Prompt
Word for word, reproduce the listing that follows, excluding any pictures it contains.

Dataset content
[Start of Attachment]

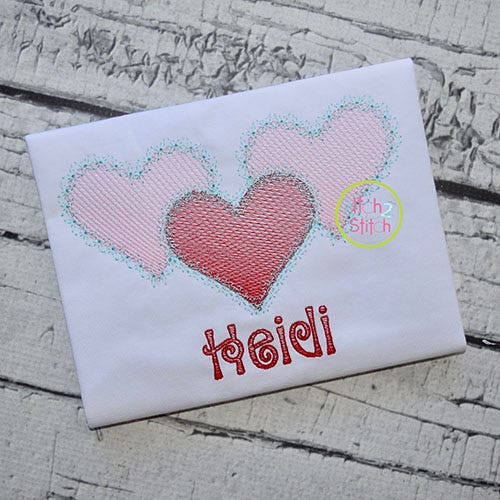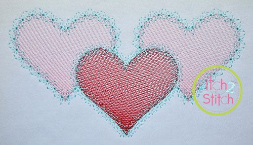 Please note this design is not applique, nor a traditional satin stitch or fill stitch. The light and airy "sketch" fill pattern allows for a quick stitch out. The space between each line of stitching varies to create the shading effect. The shapes are finished off with a decorative stitch outline.Ā
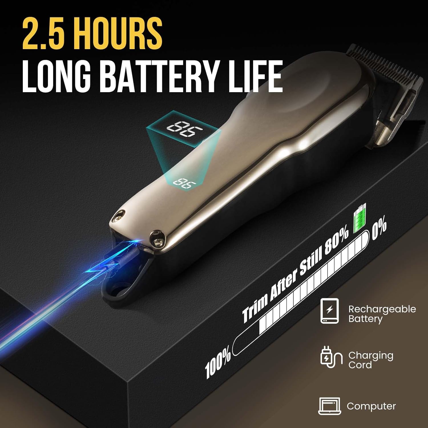 - Large-Capacity Battery and Cordless Design: 1500mAh high capacity battery, 20W Power, charging for 2-3 hours and can sustain the use of nearly 150 minutes. You could design your horse coats as you like. Our Horse Trimmer is designed with powerful for quick trim to remove your pony’s coat, which will not snag or pull the them.Long lasting use not harm the animal. Cordless Horse clippers greatly improve the efficiency of shaving, whether in the stable or on the farm can be free to shave without the constraints of the power cord. It is lighter than traditional corded horse clippers.
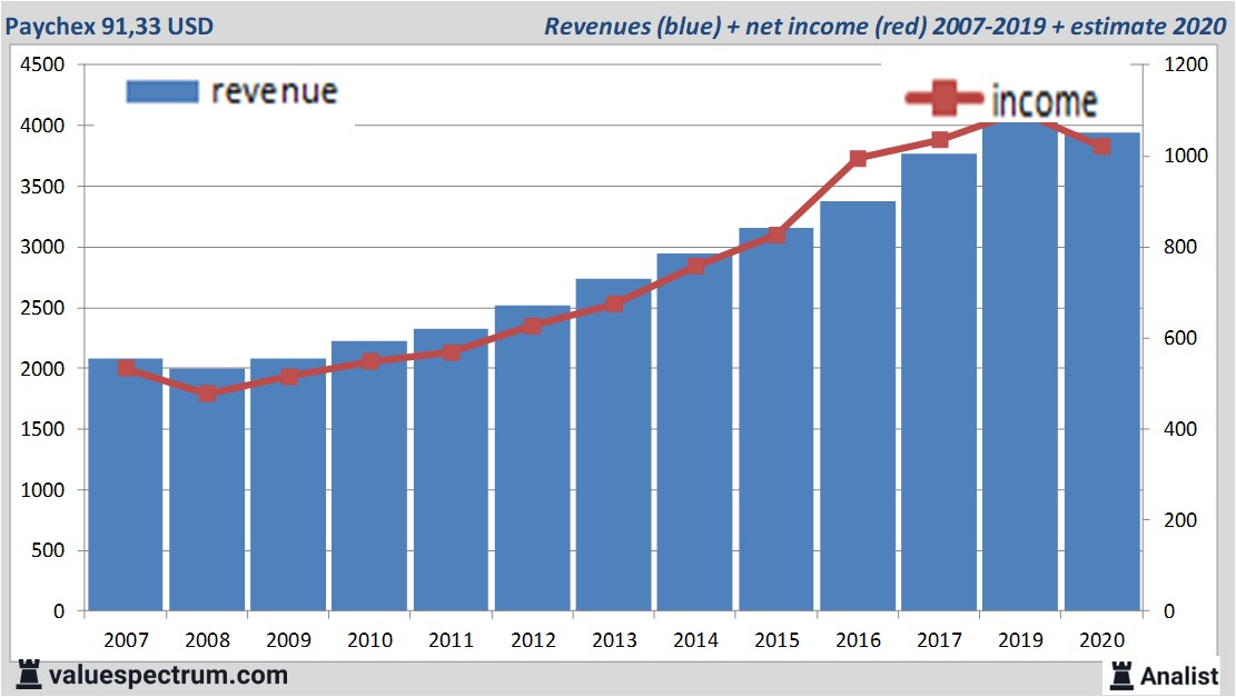 Morgen wird die amerikanische Firma Paychex die Ergebnisse des letzten Quartals veröffentlichen. Für dieses Jahr prognostiziert die Mehrheit der Analysten einen Gesamtumsatz 3,94 Mrd. Dollar. Das ist etwas weniger als der Ertrag im Jahr 2019 in Höhe von 4,04 Mrd. Dollar.

[End of Attachment]

Answer box
 Please note this design is not applique, nor a traditional satin stitch or fill stitch. The light and airy "sketch" fill pattern allows for a quick stitch out. The space between each line of stitching varies to create the shading effect. The shapes are finished off with a decorative stitch outline.Ā
 - Large-Capacity Battery and Cordless Design: 1500mAh high capacity battery, 20W Power, charging for 2-3 hours and can sustain the use of nearly 150 minutes. You could design your horse coats as you like. Our Horse Trimmer is designed with powerful for quick trim to remove your pony’s coat, which will not snag or pull the them.Long lasting use not harm the animal. Cordless Horse clippers greatly improve the efficiency of shaving, whether in the stable or on the farm can be free to shave without the constraints of the power cord. It is lighter than traditional corded horse clippers.
 Morgen wird die amerikanische Firma Paychex die Ergebnisse des letzten Quartals veröffentlichen. Für dieses Jahr prognostiziert die Mehrheit der Analysten einen Gesamtumsatz 3,94 Mrd. Dollar. Das ist etwas weniger als der Ertrag im Jahr 2019 in Höhe von 4,04 Mrd. Dollar.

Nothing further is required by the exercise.